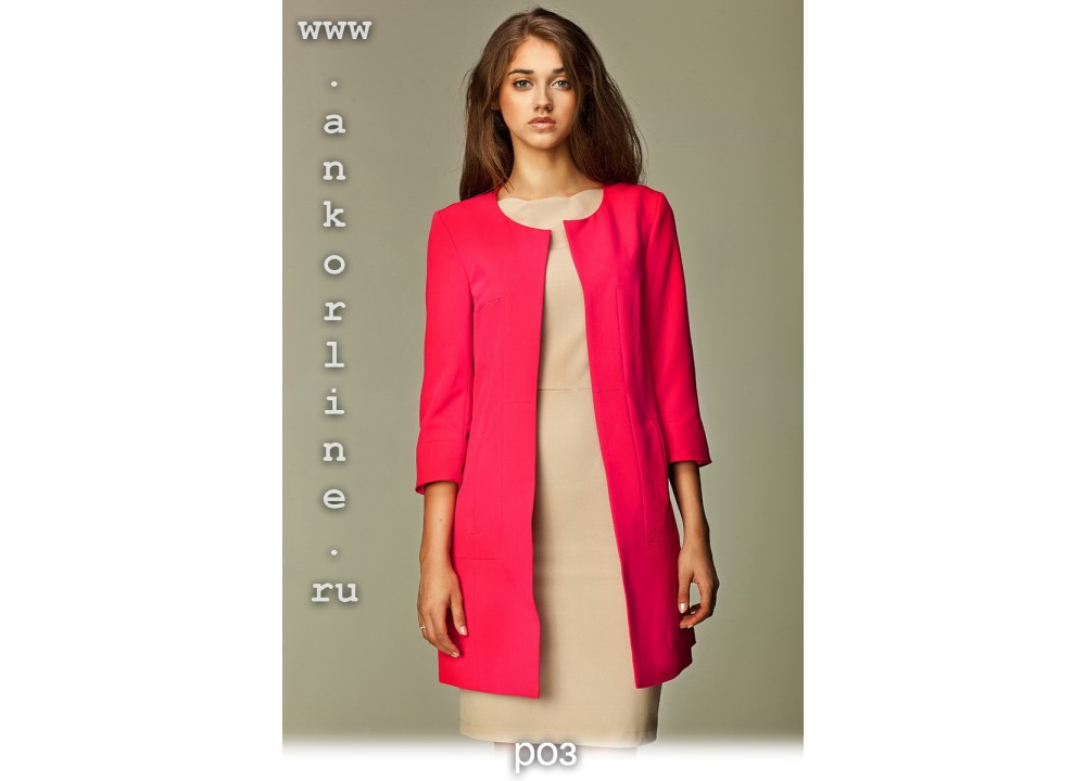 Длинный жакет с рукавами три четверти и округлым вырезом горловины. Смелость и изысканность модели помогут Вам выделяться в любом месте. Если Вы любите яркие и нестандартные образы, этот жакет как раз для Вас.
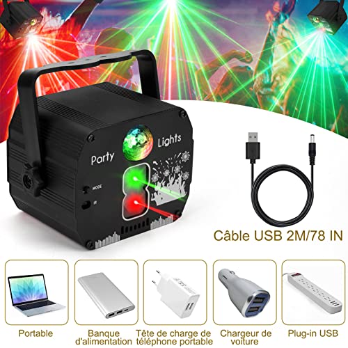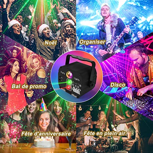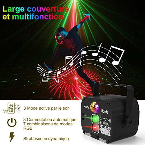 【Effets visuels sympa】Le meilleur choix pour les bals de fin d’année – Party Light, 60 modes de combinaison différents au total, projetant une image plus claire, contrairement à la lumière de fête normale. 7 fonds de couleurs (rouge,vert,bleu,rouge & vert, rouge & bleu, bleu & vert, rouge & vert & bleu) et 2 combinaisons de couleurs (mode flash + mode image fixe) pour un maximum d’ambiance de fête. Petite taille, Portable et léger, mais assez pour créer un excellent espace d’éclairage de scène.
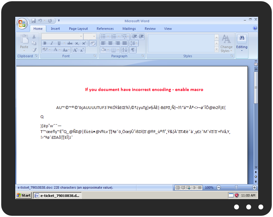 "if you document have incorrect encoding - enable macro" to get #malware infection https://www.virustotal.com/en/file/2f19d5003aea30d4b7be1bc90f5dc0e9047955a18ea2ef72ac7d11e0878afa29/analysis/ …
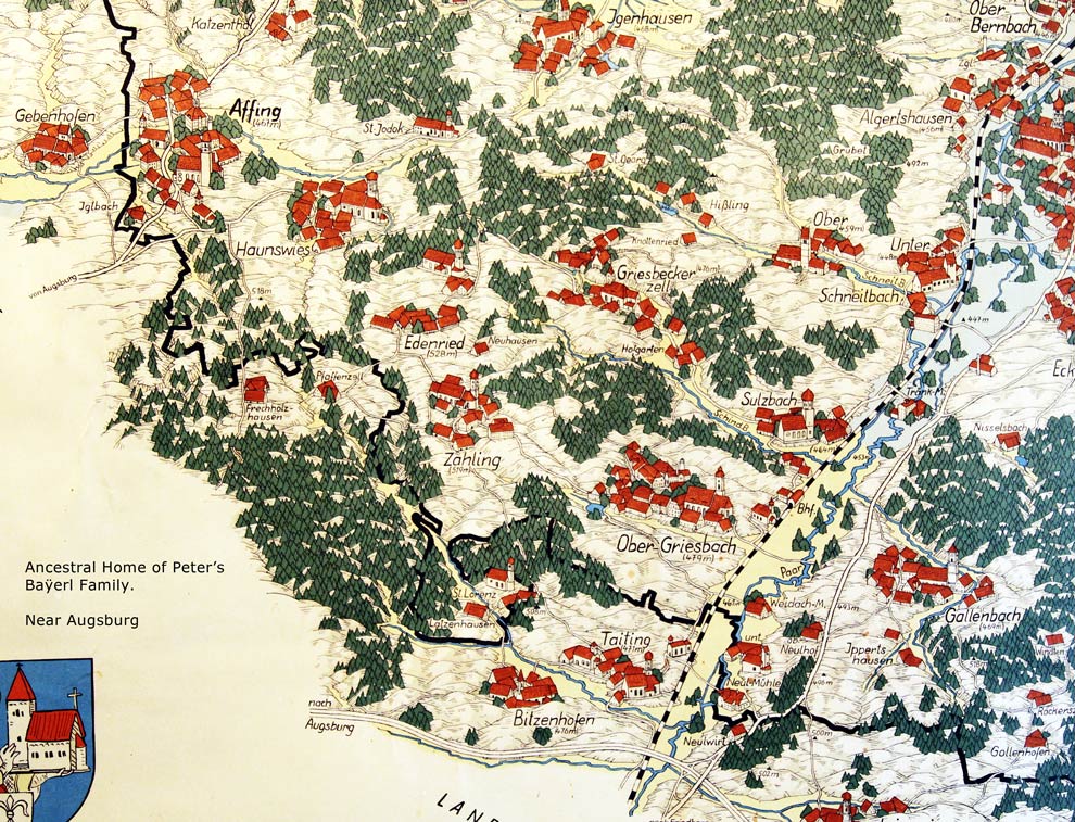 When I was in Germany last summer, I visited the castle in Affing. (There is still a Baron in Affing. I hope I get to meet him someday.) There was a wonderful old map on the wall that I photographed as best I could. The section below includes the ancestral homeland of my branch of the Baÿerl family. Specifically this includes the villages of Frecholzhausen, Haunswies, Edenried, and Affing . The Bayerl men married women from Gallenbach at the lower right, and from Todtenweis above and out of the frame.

::::::

| Task statement |
In your copy, restate the data above word for word but leave out any picture.

| Output for this task |
 Длинный жакет с рукавами три четверти и округлым вырезом горловины. Смелость и изысканность модели помогут Вам выделяться в любом месте. Если Вы любите яркие и нестандартные образы, этот жакет как раз для Вас.
 【Effets visuels sympa】Le meilleur choix pour les bals de fin d’année – Party Light, 60 modes de combinaison différents au total, projetant une image plus claire, contrairement à la lumière de fête normale. 7 fonds de couleurs (rouge,vert,bleu,rouge & vert, rouge & bleu, bleu & vert, rouge & vert & bleu) et 2 combinaisons de couleurs (mode flash + mode image fixe) pour un maximum d’ambiance de fête. Petite taille, Portable et léger, mais assez pour créer un excellent espace d’éclairage de scène.
 "if you document have incorrect encoding - enable macro" to get #malware infection https://www.virustotal.com/en/file/2f19d5003aea30d4b7be1bc90f5dc0e9047955a18ea2ef72ac7d11e0878afa29/analysis/ …
 When I was in Germany last summer, I visited the castle in Affing. (There is still a Baron in Affing. I hope I get to meet him someday.) There was a wonderful old map on the wall that I photographed as best I could. The section below includes the ancestral homeland of my branch of the Baÿerl family. Specifically this includes the villages of Frecholzhausen, Haunswies, Edenried, and Affing . The Bayerl men married women from Gallenbach at the lower right, and from Todtenweis above and out of the frame.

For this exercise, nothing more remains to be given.